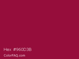 Hex #960d3b Color is a normal rose color and the nearest color is Pink Raspberry #980036. Hex code #960d3b and RGB value is rgb(150,13,59). In RGB color space, this color is composed of 59% red, 5% green, 23% blue, In CMYK color space, this color is composed of 0% cyan, 91% magenta, 61% yellow , 41% black , In HSL color space, this color has a hue angle of 340° , 84% saturation and 32% lightness.
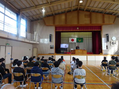 校長の話の後、学習、生活、保健安全のそれぞれの担当者が、冬休みの過ごし方について話をしました。年末年始は、日本の伝統行事や風習を楽しみながら、家族との団らんを大切にして欲しいと思います。
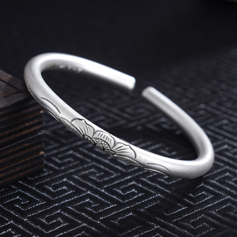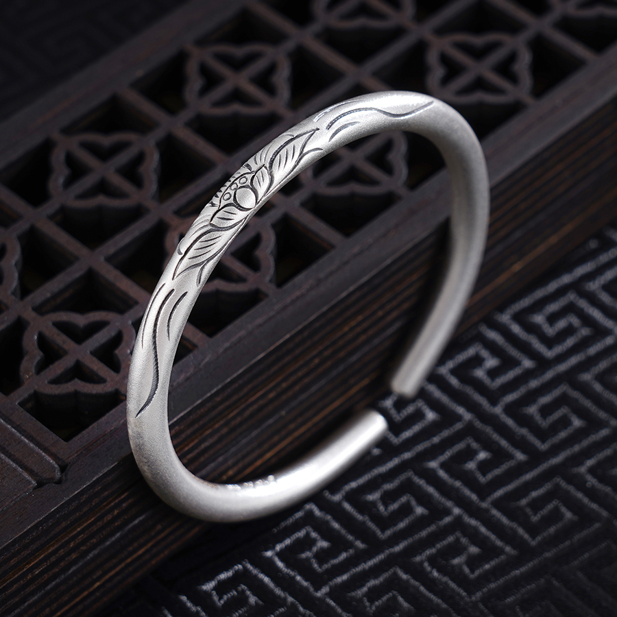 【寓意】:纯银开口手镯,镯面錾刻莲花图案,搭配流水纹样,恰似情意绵绵,寓意莲开见喜,情深绵长。
★ ★ ★ ★
WHAT NEEDS TO BE DONE:
Take every line of the material and copy it exactly, leaving out the pictures.

TASK OUTPUT:
 Hex #960d3b Color is a normal rose color and the nearest color is Pink Raspberry #980036. Hex code #960d3b and RGB value is rgb(150,13,59). In RGB color space, this color is composed of 59% red, 5% green, 23% blue, In CMYK color space, this color is composed of 0% cyan, 91% magenta, 61% yellow , 41% black , In HSL color space, this color has a hue angle of 340° , 84% saturation and 32% lightness.
 校長の話の後、学習、生活、保健安全のそれぞれの担当者が、冬休みの過ごし方について話をしました。年末年始は、日本の伝統行事や風習を楽しみながら、家族との団らんを大切にして欲しいと思います。
 【寓意】:纯银开口手镯,镯面錾刻莲花图案,搭配流水纹样,恰似情意绵绵,寓意莲开见喜,情深绵长。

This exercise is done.